- Born: Pierre-Léon-Charles Beauvallet 22 August 1818 10th arrondissement of Paris
- Died: 22 March 1885 (aged 56) 10th arrondissement of Paris
- Occupations: Playwright, actor, novelist

= Léon Beauvallet =

French actor, playwright and novelist

Léon Beauvallet, full name Pierre-Léon-Charles Beauvallet, (22 August 1828 – 22 March 1885) was a 19th-century French actor, playwright and novelist.

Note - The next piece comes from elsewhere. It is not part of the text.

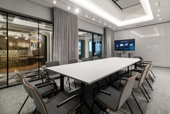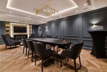 Pokój VIP (34 metry kwadratowe) to eleganckie, kameralne wnętrze idealne na spotkania zarządu, prywatne negocjacje czy ekskluzywne prezentacje. Wyposażone w monitor 65”, system audio, Air Media, przyłącza HDMI oraz komfortowe meble - duży stół z 8 krzesłami, stolik kawowy i 4 fotele.

Author of numerous plays, most of them written in collaboration, as well as feuilletons published in Le Passe-Temps before publication in print, he is best known for being part of the troupe who accompanied Rachel Félix to the United-States and Cuba in 1855. The account he gave of this odyssey, first published in Le Figaro under the title Rachel et le Nouveau-Monde, had some success and was translated into English upon its release in 1856.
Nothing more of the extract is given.